Sicilia ultima nei Livelli essenziali d’assistenza: GIMBE: «Tutela della salute legata al luogo di residenza»

Ancora una volta la Sicilia non raggiunge i Livelli Essenziali di Assistenza (LEA) e addirittura peggiora con la perdita di 11 punti, attestandosi così ultima regione di Italia nella prevenzione e terz’ultima nell’area distrettuale/territoriale. Va meglio soltanto nell’area ospedaliera in cui la Sicilia raggiunge 80 punti. A decretare le nuove pagelle relative al 2023 è stato il ministero della Salute, che al Sud salva soltanto la Puglia, la Campania e la Sardegna. Anche la Calabria, che ha fatto un importante salto in avanti (+41 punti), resta comunque sotto i LEA. Sulla gestione sanitaria è molto critica la Fondazione Gimbe, la quale ha denunciato un divario tra Nord e Sud che non accenna a diminuire: «Nel 2023 – commenta il presidente Nino Caltabellotta – su 13 Regioni promosse, solo tre appartengono al Mezzogiorno. La Puglia ha registrato punteggi simili a quelli di alcune Regioni del Nord, mentre Campania e Sardegna si collocano poco al di sopra della sufficienza».

Nel 2023, dunque, solo 13 Regioni risultano adempienti ai LEA, un numero identico a quello del 2022: Campania, Emilia-Romagna, Friuli Venezia Giulia, Lazio, Lombardia, Marche, Provincia Autonoma di Trento, Piemonte, Puglia, Sardegna, Toscana, Umbria e Veneto. In particolare, dal 2022 al 2023 Campania e Sardegna salgono tra le Regioni adempienti, mentre Basilicata e Liguria retrocedono a inadempienti per il mancato raggiungimento della soglia minima in un’area.
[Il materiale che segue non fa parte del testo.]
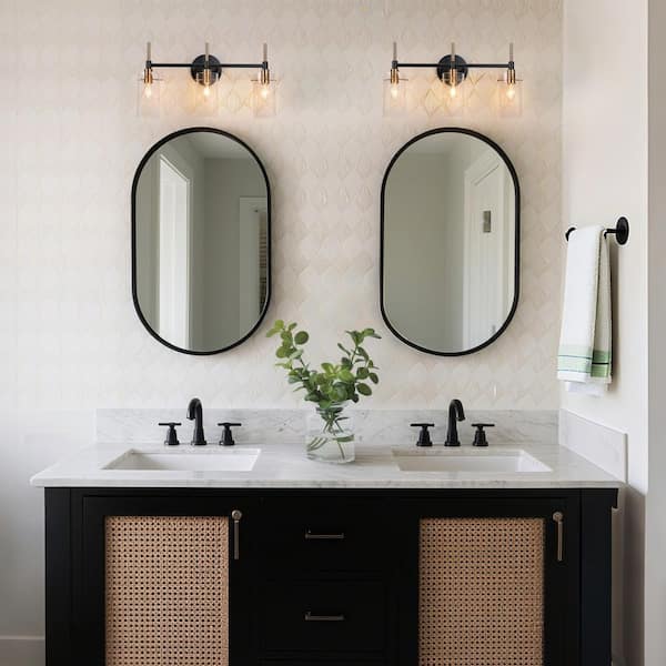 19.5 in. 3-Light Modern Brass Vanity Light, DIY Black Industrial Bathroom Wall Sconce with Cylinder Clear Glass Shades

Rimangono inadempienti per insufficienza in una sola area Calabria, Molise e Provincia Autonoma di Bolzano, mentre Abruzzo, Sicilia e Valle d’Aosta non raggiungono la soglia in due aree.

«Il monitoraggio LEA 2023 – sottolinea ancora Cartabellotta – certifica ancora una volta che la tutela della salute dipende in larga misura dalla Regione di residenza e che la frattura tra il Nord e il Sud del Paese sia più ampia di quanto i numeri lascino intendere. Per questo la Fondazione Gimbe chiede una radicale revisione di Piani di rientro e commissariamenti: strumenti che hanno indubbiamente contribuito a riequilibrare i bilanci regionali, ma che hanno inciso poco sulla qualità dell’assistenza e sulla riduzione dei divari nel nostro Paese».

Un problema non da poco è rappresentato dalle nuove rate del Pnrr che dovrebbero arrivare e sono legate al raggiungimento di alcuni obiettivi, ma risulta difficile pensare che si possano raggiungere entro la fine del 2025. Parliamo della digitalizzazione degli ospedali, del fascicolo elettronico e della telemedicina. Ma anche di Case e Ospedali della Comunità, posti letto in terapia intensiva o semi-intensiva, progetti di ammodernamento della strutture sanitarie, sia in termini di immobili (adeguamento antisismico degli ospedali), sia in termini di grandi apparecchiature.

«Un cittadino siciliano e uno veneto – commenta il presidente Gimbe – non hanno le stesse possibilità di accesso alla propria documentazione clinica. E questo non è accettabile in un Servizio Sanitario Nazionale che si definisce universale». Ciò perché in Sicilia il fascicolo sanitario elettronico è stato attivato solo nel 9 per cento dei casi ed i medici specializzati nel suo utilizzo sono solo il 37 per cento. «Ma la sanità digitale non può essere un’innovazione per pochi: servono investimenti e una governance centralizzata per garantire diritti a tutte le persone indipendentemente dal luogo in cui vivono – conclude Caltabellotta-. Se vogliamo davvero attuare una sanità digitale, i dati devono essere accessibili non solo ai cittadini, ma a tutti i professionisti coinvolti nei percorsi clinico-assistenziali, perché la tecnologia è necessaria, ma non sufficiente».